**MATERIALS PROVIDED:**

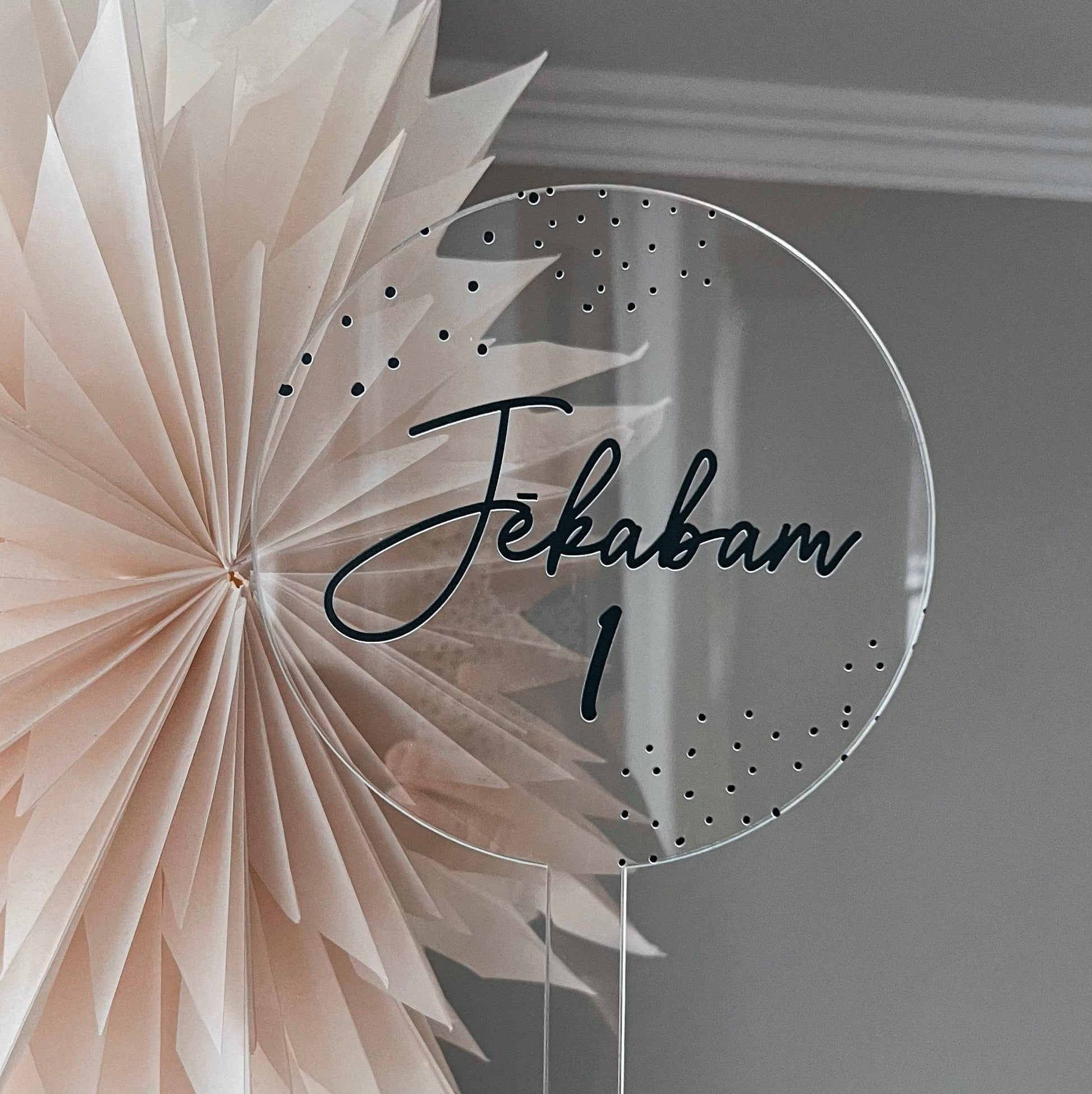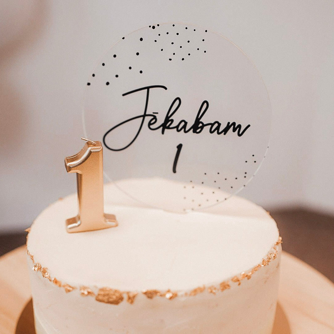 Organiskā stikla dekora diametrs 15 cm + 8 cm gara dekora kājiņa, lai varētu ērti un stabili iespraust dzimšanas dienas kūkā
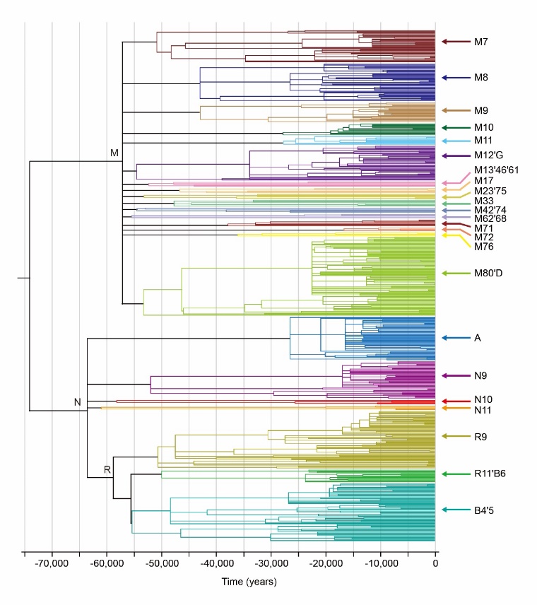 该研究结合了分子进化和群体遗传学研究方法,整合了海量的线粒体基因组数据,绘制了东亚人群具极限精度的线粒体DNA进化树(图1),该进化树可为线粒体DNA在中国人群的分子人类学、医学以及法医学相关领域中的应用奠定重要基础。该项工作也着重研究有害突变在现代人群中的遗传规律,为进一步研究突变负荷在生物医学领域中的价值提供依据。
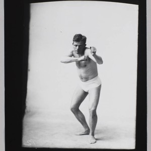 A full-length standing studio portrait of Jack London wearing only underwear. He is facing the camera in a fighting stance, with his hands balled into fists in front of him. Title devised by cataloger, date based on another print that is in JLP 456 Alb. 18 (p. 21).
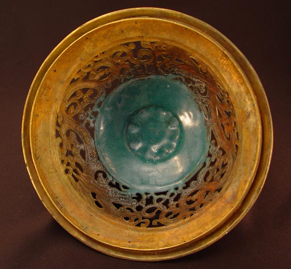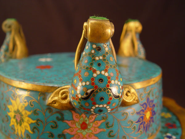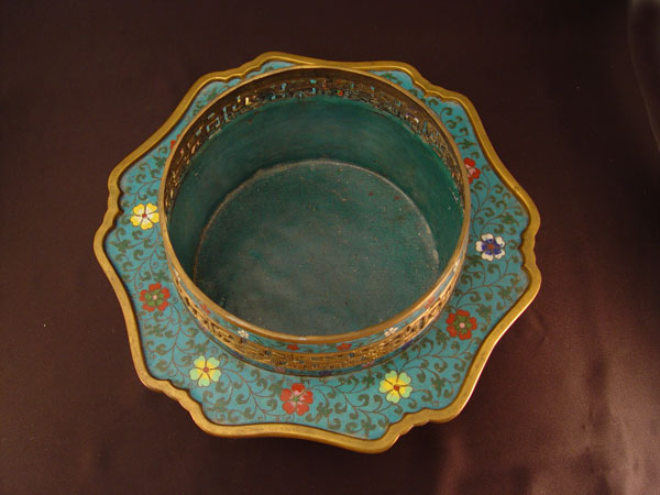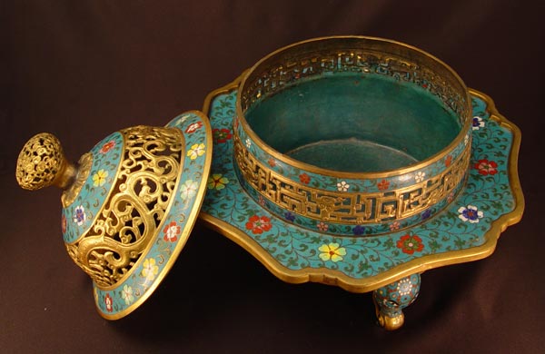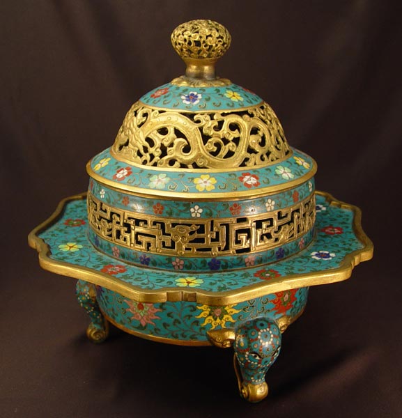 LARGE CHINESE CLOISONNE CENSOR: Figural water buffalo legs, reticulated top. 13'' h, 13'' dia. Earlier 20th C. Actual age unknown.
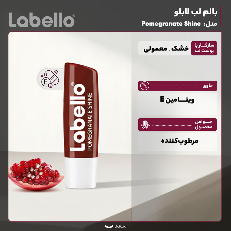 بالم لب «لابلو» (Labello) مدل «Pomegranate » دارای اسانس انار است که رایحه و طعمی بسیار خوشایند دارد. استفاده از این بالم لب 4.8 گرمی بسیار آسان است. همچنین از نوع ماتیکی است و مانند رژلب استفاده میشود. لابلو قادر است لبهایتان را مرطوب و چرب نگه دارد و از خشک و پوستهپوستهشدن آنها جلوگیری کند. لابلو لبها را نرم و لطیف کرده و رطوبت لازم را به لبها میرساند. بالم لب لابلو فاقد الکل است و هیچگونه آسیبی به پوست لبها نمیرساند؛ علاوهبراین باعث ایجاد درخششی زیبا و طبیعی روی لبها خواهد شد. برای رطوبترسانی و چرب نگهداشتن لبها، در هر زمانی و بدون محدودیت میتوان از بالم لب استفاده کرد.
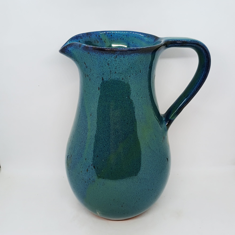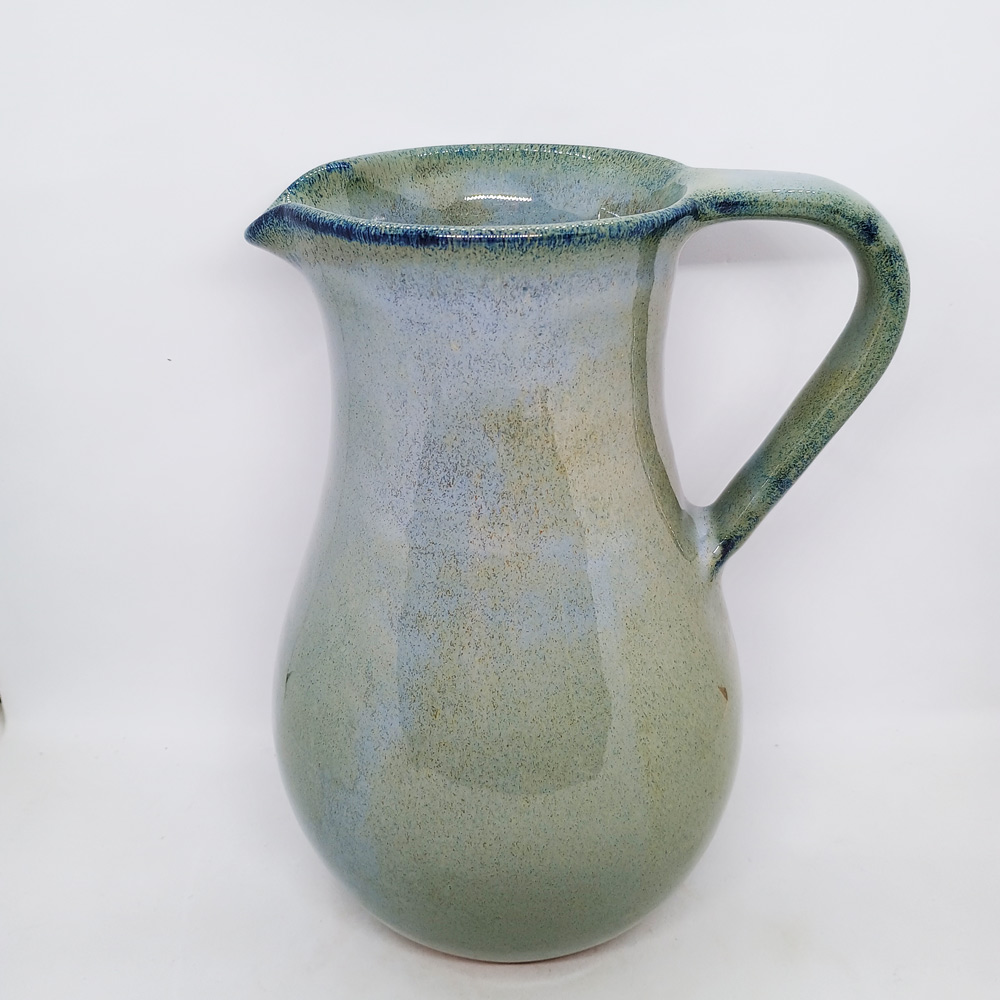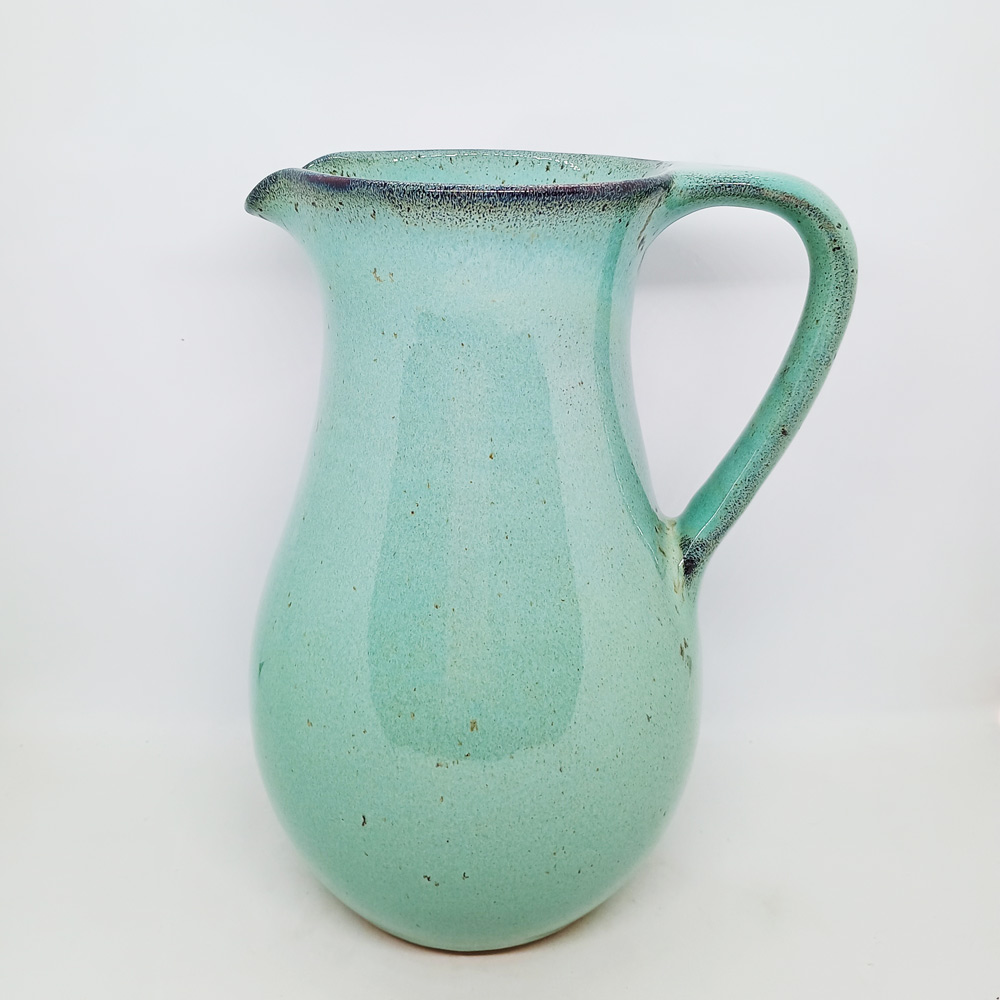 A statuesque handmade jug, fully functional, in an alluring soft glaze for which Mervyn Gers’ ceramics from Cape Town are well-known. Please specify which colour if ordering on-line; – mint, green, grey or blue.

--

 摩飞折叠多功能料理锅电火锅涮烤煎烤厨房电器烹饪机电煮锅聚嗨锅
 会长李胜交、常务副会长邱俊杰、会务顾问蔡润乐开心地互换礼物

**EXERCISE OBJECTIVE:** Copy everything above from the line holding "Organiskā stikla dekora" down to the line holding "A statuesque handmade", both ends included, exactly as it stands and without the pictures.

**SOLVED EXERCISE:**
 Organiskā stikla dekora diametrs 15 cm + 8 cm gara dekora kājiņa, lai varētu ērti un stabili iespraust dzimšanas dienas kūkā
 该研究结合了分子进化和群体遗传学研究方法,整合了海量的线粒体基因组数据,绘制了东亚人群具极限精度的线粒体DNA进化树(图1),该进化树可为线粒体DNA在中国人群的分子人类学、医学以及法医学相关领域中的应用奠定重要基础。该项工作也着重研究有害突变在现代人群中的遗传规律,为进一步研究突变负荷在生物医学领域中的价值提供依据。
 A full-length standing studio portrait of Jack London wearing only underwear. He is facing the camera in a fighting stance, with his hands balled into fists in front of him. Title devised by cataloger, date based on another print that is in JLP 456 Alb. 18 (p. 21).
 LARGE CHINESE CLOISONNE CENSOR: Figural water buffalo legs, reticulated top. 13'' h, 13'' dia. Earlier 20th C. Actual age unknown.
 بالم لب «لابلو» (Labello) مدل «Pomegranate » دارای اسانس انار است که رایحه و طعمی بسیار خوشایند دارد. استفاده از این بالم لب 4.8 گرمی بسیار آسان است. همچنین از نوع ماتیکی است و مانند رژلب استفاده میشود. لابلو قادر است لبهایتان را مرطوب و چرب نگه دارد و از خشک و پوستهپوستهشدن آنها جلوگیری کند. لابلو لبها را نرم و لطیف کرده و رطوبت لازم را به لبها میرساند. بالم لب لابلو فاقد الکل است و هیچگونه آسیبی به پوست لبها نمیرساند؛ علاوهبراین باعث ایجاد درخششی زیبا و طبیعی روی لبها خواهد شد. برای رطوبترسانی و چرب نگهداشتن لبها، در هر زمانی و بدون محدودیت میتوان از بالم لب استفاده کرد.
 A statuesque handmade jug, fully functional, in an alluring soft glaze for which Mervyn Gers’ ceramics from Cape Town are well-known. Please specify which colour if ordering on-line; – mint, green, grey or blue.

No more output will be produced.